Presentation on theme: "Thesis, Outline and Annotative Bibliography. Rules for Writing a Thesis Statement 1.It must be a complete sentence. 2.It can NOT be a questions 3.It should."— Presentation transcript:
Rules for Writing a Thesis Statement 1.It must be a complete sentence. 2.It can NOT be a questions 3.It should be provable with facts, anecdotes, stories, etc. 4.It needs to present you and your ideas. 5.Do NOT generalize. 6.Do NOT use first or second person pronouns. 7.Do NOT use clichés. ex: The best things since sliced bread.
Step 1- Formulate your thesis. Your thesis is a formal, exact statement of what your paper will be about. It will most likely evolve as you consider the information you have. Think about what you are trying to present and emphasize in your paper.
Examples of Thesis Statements TOPIC: The Battle of Gettysburg THESIS: The Battle of Gettysburg changed the momentum of the Civil War. TOPIC: Mike Piazza THESIS: With his leadership skills, offensive output, and work ethic, Mike Piazza excels as the best Major League catcher in the history of baseball.
Step 2- Develop your outline. An outline is important because you will organize the notes from your sources based on the ideas in the working outline. The outline will map the body paragraphs of your paper. The introduction and conclusion will NOT be part of the outline.
Model Outline (Double space all) Thesis: [last sentence of introduction] I. First point A. Supporting information to developor expand on the point 1. Fact to develop A 2. Fact to develop B B. Supporting Information 1. Fact to develop A 2. Fact to develop B II. Second Point
Annotative Bibliography An annotated bibliography is a list of citations to books, articles, and documents. Each citation is followed by a brief descriptive and evaluative paragraph, the annotation. The purpose of the annotation is to inform the reader of the relevance, accuracy, and quality of the sources cited.
Annotation Answers 1.What is the main subject of the source? 2.Who is the main audience for the source? 3.Give a brief summary of the information. 4.What special features can you point out about this source? Examples would be photographs, charts/tables of data, link to relate source, etc.
Annotative Bibliography Example Waite, Linda J., Frances Kobrin Goldscheider, and Christina Witsberger. "Nonfamily Living and the Erosion of Traditional Family Orientations Among Young Adults." American Sociological Review 51.4 (1986): 541-554. Print. The authors, researchers at the Rand Corporation and Brown University, use data from the National Longitudinal Surveys of Young Women and Young Men to test their hypothesis that nonfamily living by young adults alters their attitudes, values, plans, and expectations, moving them away from their belief in traditional sex roles. They find their hypothesis strongly supported in young females, while the effects were fewer in studies of young males. Increasing the time away from parents before marrying increased individualism, self-sufficiency, and changes in attitudes about families.
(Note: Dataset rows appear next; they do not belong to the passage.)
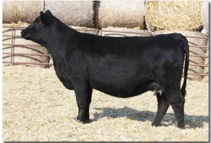
J1541 >> Daughter of Lot 99. Sells as Lot 166.
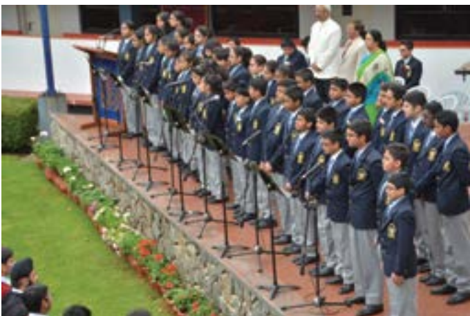
The Indian music choir singing vande mataram
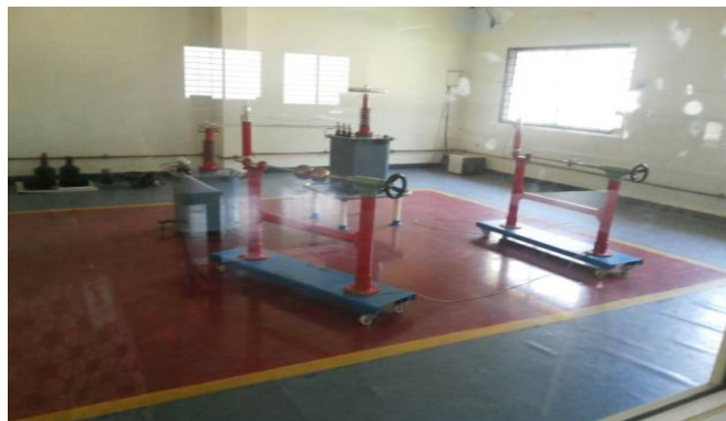
Fig. 1 High Voltage Laboratory

The sphere-sphere electrode gap is one of the standard methods for the measurement of peak value of AC and impulse voltages and is also used for checking the high voltage power equipments and other voltage measuring devices used in high voltage test circuits. In this, two similar aluminium spheres are separated by certain distance form a sphere gap with air medium. Also, care is taken such that the gap length between the spheres should not exceed a sphere radius. If these conditions are satisfied and the specifications regarding the shape, mounting, clearances of the spheres are met, the results obtained by the use of sphere gaps are reliable to within \pm 5\% . It was suggested in specifications that the readings are to be taken in places where the ultraviolet radiation is low. Irradiation of the gap by radioactive or other ionizing media should be used when voltages of magnitude less than 50 kV are being measured or where higher voltages with accurate results are to be obtained.
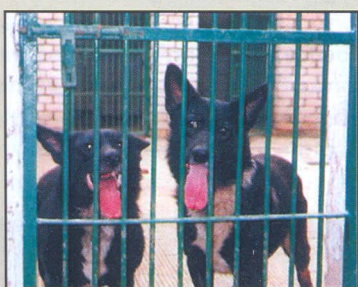
Houtshi and Blacky have been at the PDSA for more than 6 months. They are both blind, and were found wandering the streets by one of Animal Friends members

Many of the animals that we care for have suffered tremendously. Some have survived life on the streets, others had to live in harsh conditions in tiny cages, some have been horribly abused or tortured, and many were abandoned by their owners for no good reason. Overpopulation, abuse and abandonment are only a few of the many problems animals face in this country. We cannot solve all of these problems at once. But as animal lovers we feel we have to start somewhere. Animal Friends has made a head start, but we need your help to get further along on the long road to a humane existence for all animals in Egypt.

In contrast, an earlier study by Williams cited below shows no significant gender differences in sex role attitudes as a result of nonfamily living.
Another Example Lamott, Anne. Bird by Bird: Some Instructions on Writing and Life. New York: Anchor Books, 1995. Print. Lamott's book offers honest advice on the nature of a writing life, complete with its insecurities and failures. Taking a humorous approach to the realities of being a writer, the chapters in Lamott's book are wry and anecdotal and offer advice on everything from plot development to jealousy, from perfectionism to struggling with one's own internal critic. In the process, Lamott includes writing exercises designed to be both productive and fun.